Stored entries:
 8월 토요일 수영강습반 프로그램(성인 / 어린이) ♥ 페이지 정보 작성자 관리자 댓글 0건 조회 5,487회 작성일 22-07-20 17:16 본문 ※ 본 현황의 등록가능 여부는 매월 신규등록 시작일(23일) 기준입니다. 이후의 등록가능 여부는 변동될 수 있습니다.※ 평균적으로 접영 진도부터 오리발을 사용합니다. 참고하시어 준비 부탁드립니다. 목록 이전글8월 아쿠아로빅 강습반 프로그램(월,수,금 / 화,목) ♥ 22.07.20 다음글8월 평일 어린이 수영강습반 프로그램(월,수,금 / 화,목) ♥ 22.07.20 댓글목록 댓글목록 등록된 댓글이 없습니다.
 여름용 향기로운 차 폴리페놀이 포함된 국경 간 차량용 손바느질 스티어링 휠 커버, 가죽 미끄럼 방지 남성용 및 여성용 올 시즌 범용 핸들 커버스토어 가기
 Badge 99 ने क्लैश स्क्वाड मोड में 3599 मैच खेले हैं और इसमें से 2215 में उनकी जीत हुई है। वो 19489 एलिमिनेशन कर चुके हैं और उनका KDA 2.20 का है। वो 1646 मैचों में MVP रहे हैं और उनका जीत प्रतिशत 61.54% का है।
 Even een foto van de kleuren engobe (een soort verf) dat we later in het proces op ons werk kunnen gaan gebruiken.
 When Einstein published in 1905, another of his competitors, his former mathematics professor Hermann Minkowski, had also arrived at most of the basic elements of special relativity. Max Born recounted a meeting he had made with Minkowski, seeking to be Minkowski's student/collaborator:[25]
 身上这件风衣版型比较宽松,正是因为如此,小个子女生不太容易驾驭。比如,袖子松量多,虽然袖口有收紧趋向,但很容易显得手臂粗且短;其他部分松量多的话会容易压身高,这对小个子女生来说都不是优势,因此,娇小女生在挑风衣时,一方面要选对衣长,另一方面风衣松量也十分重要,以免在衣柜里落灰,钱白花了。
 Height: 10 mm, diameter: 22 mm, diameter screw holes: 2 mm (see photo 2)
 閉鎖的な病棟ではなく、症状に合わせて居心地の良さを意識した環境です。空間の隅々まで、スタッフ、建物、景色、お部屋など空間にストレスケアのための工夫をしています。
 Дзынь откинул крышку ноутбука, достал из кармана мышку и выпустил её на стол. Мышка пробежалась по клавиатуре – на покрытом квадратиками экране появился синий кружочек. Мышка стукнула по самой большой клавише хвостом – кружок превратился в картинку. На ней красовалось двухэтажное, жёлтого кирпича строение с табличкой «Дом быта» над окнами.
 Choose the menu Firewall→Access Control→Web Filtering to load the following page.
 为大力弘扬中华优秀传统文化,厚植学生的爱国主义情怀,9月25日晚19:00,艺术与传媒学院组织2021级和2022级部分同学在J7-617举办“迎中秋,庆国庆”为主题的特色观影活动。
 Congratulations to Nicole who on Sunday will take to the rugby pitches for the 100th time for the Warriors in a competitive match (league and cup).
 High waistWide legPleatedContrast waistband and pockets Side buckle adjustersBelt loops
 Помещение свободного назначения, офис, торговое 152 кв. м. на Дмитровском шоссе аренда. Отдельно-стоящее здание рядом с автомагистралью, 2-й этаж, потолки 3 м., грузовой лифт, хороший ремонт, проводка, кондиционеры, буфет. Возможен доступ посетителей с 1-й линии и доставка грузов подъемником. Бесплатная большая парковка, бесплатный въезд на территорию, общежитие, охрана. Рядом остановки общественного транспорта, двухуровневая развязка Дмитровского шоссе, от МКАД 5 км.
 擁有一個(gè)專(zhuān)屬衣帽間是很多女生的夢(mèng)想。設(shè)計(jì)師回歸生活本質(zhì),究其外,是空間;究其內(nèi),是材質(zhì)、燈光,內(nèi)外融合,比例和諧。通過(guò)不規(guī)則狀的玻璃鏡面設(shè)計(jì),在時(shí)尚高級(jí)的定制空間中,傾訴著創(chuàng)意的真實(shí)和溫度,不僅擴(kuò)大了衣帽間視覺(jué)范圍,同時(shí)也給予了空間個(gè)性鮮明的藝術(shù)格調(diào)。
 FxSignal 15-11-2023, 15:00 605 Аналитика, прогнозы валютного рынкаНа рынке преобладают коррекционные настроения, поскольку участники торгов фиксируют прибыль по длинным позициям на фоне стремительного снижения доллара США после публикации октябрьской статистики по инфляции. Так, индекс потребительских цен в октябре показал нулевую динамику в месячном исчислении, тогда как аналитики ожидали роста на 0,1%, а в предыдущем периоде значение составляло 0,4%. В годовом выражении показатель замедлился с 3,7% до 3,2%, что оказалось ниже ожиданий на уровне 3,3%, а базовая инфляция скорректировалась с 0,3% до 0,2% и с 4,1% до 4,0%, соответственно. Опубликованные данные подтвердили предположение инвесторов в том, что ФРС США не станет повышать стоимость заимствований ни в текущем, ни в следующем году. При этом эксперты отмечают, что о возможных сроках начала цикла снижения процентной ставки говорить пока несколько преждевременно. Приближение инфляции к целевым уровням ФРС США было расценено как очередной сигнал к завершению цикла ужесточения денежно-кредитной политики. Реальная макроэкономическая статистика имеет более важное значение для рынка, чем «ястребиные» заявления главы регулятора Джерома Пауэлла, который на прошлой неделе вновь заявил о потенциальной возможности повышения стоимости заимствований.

● EXERCISE DIRECTIONS
Each record must be reproduced exactly, with nothing missing.

● THE COMPLETED TASK
 8월 토요일 수영강습반 프로그램(성인 / 어린이) ♥ 페이지 정보 작성자 관리자 댓글 0건 조회 5,487회 작성일 22-07-20 17:16 본문 ※ 본 현황의 등록가능 여부는 매월 신규등록 시작일(23일) 기준입니다. 이후의 등록가능 여부는 변동될 수 있습니다.※ 평균적으로 접영 진도부터 오리발을 사용합니다. 참고하시어 준비 부탁드립니다. 목록 이전글8월 아쿠아로빅 강습반 프로그램(월,수,금 / 화,목) ♥ 22.07.20 다음글8월 평일 어린이 수영강습반 프로그램(월,수,금 / 화,목) ♥ 22.07.20 댓글목록 댓글목록 등록된 댓글이 없습니다.
 여름용 향기로운 차 폴리페놀이 포함된 국경 간 차량용 손바느질 스티어링 휠 커버, 가죽 미끄럼 방지 남성용 및 여성용 올 시즌 범용 핸들 커버스토어 가기
 Badge 99 ने क्लैश स्क्वाड मोड में 3599 मैच खेले हैं और इसमें से 2215 में उनकी जीत हुई है। वो 19489 एलिमिनेशन कर चुके हैं और उनका KDA 2.20 का है। वो 1646 मैचों में MVP रहे हैं और उनका जीत प्रतिशत 61.54% का है।
 Even een foto van de kleuren engobe (een soort verf) dat we later in het proces op ons werk kunnen gaan gebruiken.
 When Einstein published in 1905, another of his competitors, his former mathematics professor Hermann Minkowski, had also arrived at most of the basic elements of special relativity. Max Born recounted a meeting he had made with Minkowski, seeking to be Minkowski's student/collaborator:[25]
 身上这件风衣版型比较宽松,正是因为如此,小个子女生不太容易驾驭。比如,袖子松量多,虽然袖口有收紧趋向,但很容易显得手臂粗且短;其他部分松量多的话会容易压身高,这对小个子女生来说都不是优势,因此,娇小女生在挑风衣时,一方面要选对衣长,另一方面风衣松量也十分重要,以免在衣柜里落灰,钱白花了。
 Height: 10 mm, diameter: 22 mm, diameter screw holes: 2 mm (see photo 2)
 閉鎖的な病棟ではなく、症状に合わせて居心地の良さを意識した環境です。空間の隅々まで、スタッフ、建物、景色、お部屋など空間にストレスケアのための工夫をしています。
 Дзынь откинул крышку ноутбука, достал из кармана мышку и выпустил её на стол. Мышка пробежалась по клавиатуре – на покрытом квадратиками экране появился синий кружочек. Мышка стукнула по самой большой клавише хвостом – кружок превратился в картинку. На ней красовалось двухэтажное, жёлтого кирпича строение с табличкой «Дом быта» над окнами.
 Choose the menu Firewall→Access Control→Web Filtering to load the following page.
 为大力弘扬中华优秀传统文化,厚植学生的爱国主义情怀,9月25日晚19:00,艺术与传媒学院组织2021级和2022级部分同学在J7-617举办“迎中秋,庆国庆”为主题的特色观影活动。
 Congratulations to Nicole who on Sunday will take to the rugby pitches for the 100th time for the Warriors in a competitive match (league and cup).
 High waistWide legPleatedContrast waistband and pockets Side buckle adjustersBelt loops
 Помещение свободного назначения, офис, торговое 152 кв. м. на Дмитровском шоссе аренда. Отдельно-стоящее здание рядом с автомагистралью, 2-й этаж, потолки 3 м., грузовой лифт, хороший ремонт, проводка, кондиционеры, буфет. Возможен доступ посетителей с 1-й линии и доставка грузов подъемником. Бесплатная большая парковка, бесплатный въезд на территорию, общежитие, охрана. Рядом остановки общественного транспорта, двухуровневая развязка Дмитровского шоссе, от МКАД 5 км.
 擁有一個(gè)專(zhuān)屬衣帽間是很多女生的夢(mèng)想。設(shè)計(jì)師回歸生活本質(zhì),究其外,是空間;究其內(nèi),是材質(zhì)、燈光,內(nèi)外融合,比例和諧。通過(guò)不規(guī)則狀的玻璃鏡面設(shè)計(jì),在時(shí)尚高級(jí)的定制空間中,傾訴著創(chuàng)意的真實(shí)和溫度,不僅擴(kuò)大了衣帽間視覺(jué)范圍,同時(shí)也給予了空間個(gè)性鮮明的藝術(shù)格調(diào)。
 FxSignal 15-11-2023, 15:00 605 Аналитика, прогнозы валютного рынкаНа рынке преобладают коррекционные настроения, поскольку участники торгов фиксируют прибыль по длинным позициям на фоне стремительного снижения доллара США после публикации октябрьской статистики по инфляции. Так, индекс потребительских цен в октябре показал нулевую динамику в месячном исчислении, тогда как аналитики ожидали роста на 0,1%, а в предыдущем периоде значение составляло 0,4%. В годовом выражении показатель замедлился с 3,7% до 3,2%, что оказалось ниже ожиданий на уровне 3,3%, а базовая инфляция скорректировалась с 0,3% до 0,2% и с 4,1% до 4,0%, соответственно. Опубликованные данные подтвердили предположение инвесторов в том, что ФРС США не станет повышать стоимость заимствований ни в текущем, ни в следующем году. При этом эксперты отмечают, что о возможных сроках начала цикла снижения процентной ставки говорить пока несколько преждевременно. Приближение инфляции к целевым уровням ФРС США было расценено как очередной сигнал к завершению цикла ужесточения денежно-кредитной политики. Реальная макроэкономическая статистика имеет более важное значение для рынка, чем «ястребиные» заявления главы регулятора Джерома Пауэлла, который на прошлой неделе вновь заявил о потенциальной возможности повышения стоимости заимствований.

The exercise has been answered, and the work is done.